George Orwell's 1984 might not be quite as much fun as P.C.U. (although the Eurythmics rock the movie soundtrack) but it's in many ways the original template for political correctness with its newspeak and use of language to sanitize everything. It's not, however, such a great example of what we currently mean by political correctness, since the oppressive super-state doesn't display much concern about offending minorities or oppressed groups.

Instead, we should look to Kurt Vonnegut's Harrison Bergeron, about a future dystopia where everybody has to be "average," and if you have any special abilities, you have to suppress them. Are you smarter or more beautiful than other people? The state will use special devices to remove those advantages, so everyone's equal. It's been a TV movie and it's soon to be a major motion picture, 2081. A similar take on an egalitarian dystopia is Facial Justice by famous literary author L.P. Hartley, in which the women of a post-apocalyptic world are encouraged to get a standardized "beta face" so they'll all be equally beautiful. "Go Beta and you won't have to beautify!" the state says.

Similarly, Rob Grant wrote a novel called Incompetence, which takes place in a future United States Of Europe where you're not allowed to discriminate on the basis of ability — at all. You have to hire people to do jobs they're not capable of doing, because otherwise you're discriminating. There's also a take-off of Brave New World called Fair New World, in which feminism and super-carefulness are crushing the human spirit.

And then there's The Alphabet Challenge by Russian émigré Olga Gardner Galvin, which is set decades in America's future, when political correctness has taken over. At one point, Howell Langston Toland's business gets vandalized, and he calls the authorities:

He heard a prerecorded message. “If you have a complaint about PeopleCare’s actions, press 1. — If your place of business was rendered unusable by our activists, press 2. — If you plan to file charges, we’d like to inform you that your place of business had been found in violation of a number of the New York City office regulations and/or zoning laws.
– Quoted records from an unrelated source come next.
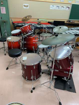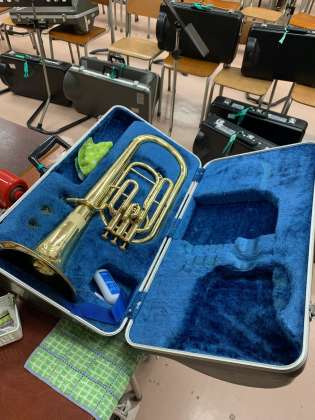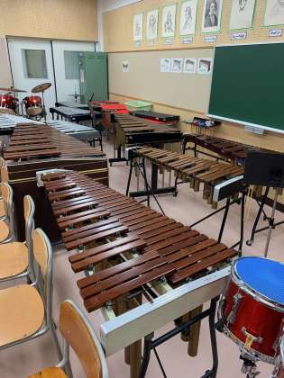 音楽室は静まり返っていて楽器たちもなんだか寂しそうです。打楽器などはホコリを払ってネジを締め直しました。金管バンド部員の使う楽器はオイルを差してメンテナンスを。準備はバッチリOKです。
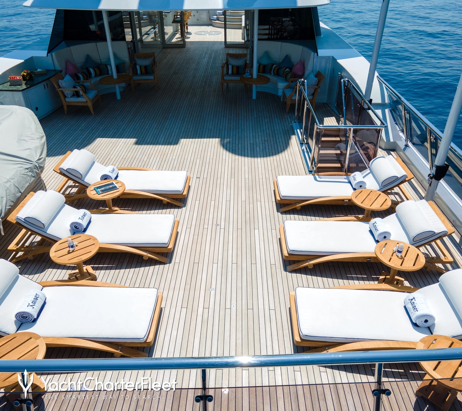 Winner of the Best Displacement Motor Yacht of 500GT to 1,299GT category at the 2012 World Superyacht Awards, charter yacht KAISER features three spacious exterior decks that host multiple alfresco lounge and dining options, with both open and sheltered options available.
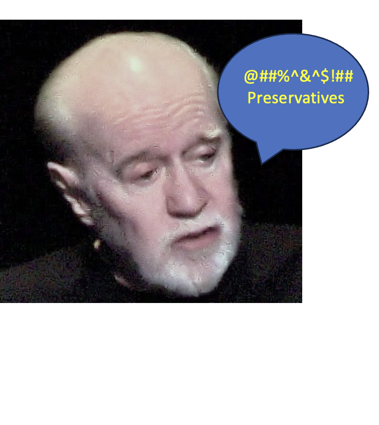 As the farcical organic/back-to-nature movement continues to erode brains in this country, George Carlin's seven-word list needs to be updated. You know the first seven. I'm going to add the eighth: Preservatives.
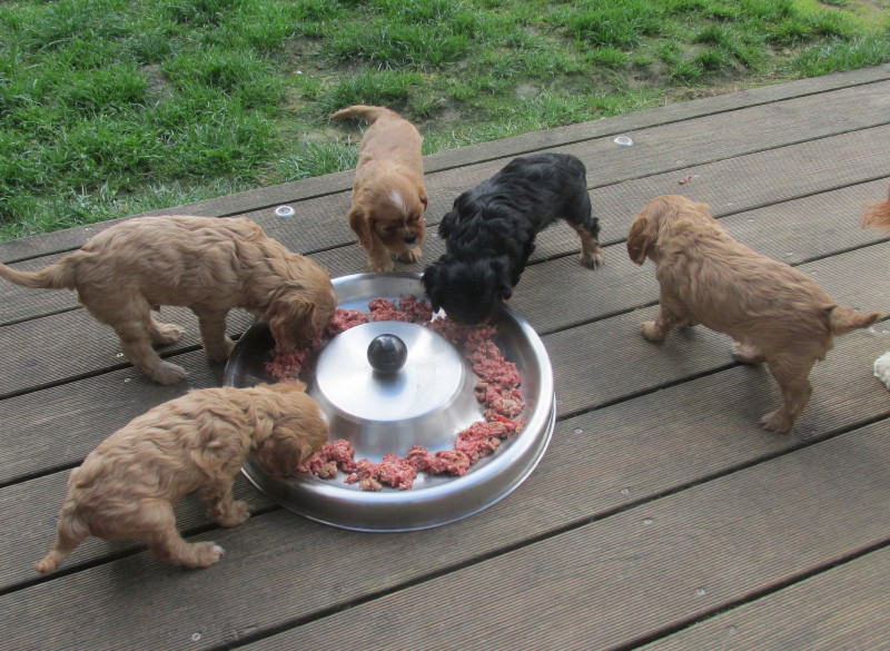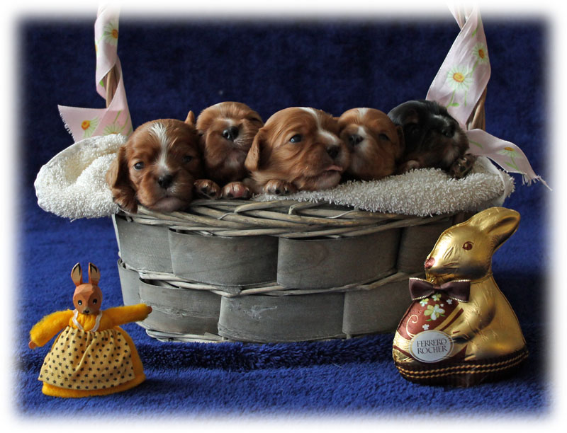Mit 3 Wochen sind die J-chen ziemoich mobil und verlassen nun auch schon die Wurfkiste. Auch dürfen nun die anderen Cavaliere mal mit rein, um sie zu beschnuppern und zu putzen.

You are free to file charges, but we’ll be forced to file countercharges. We have a full list of your violations on file. If you want to know what violations, press 3. — If you have any other questions, please stay on the line.”

Howell stayed on the line. A polite young lady looked up the name of his business and the date it was trashed and confirmed that it had indeed been found in violation of several regulations, among them lack of shutters to block out sunlight to accommodate UV-sensitive customers. She also advised Howell that penalties for vandalism were much lighter than for violation of the New York City office regulations and/or zoning laws. Somehow, Howell believed her.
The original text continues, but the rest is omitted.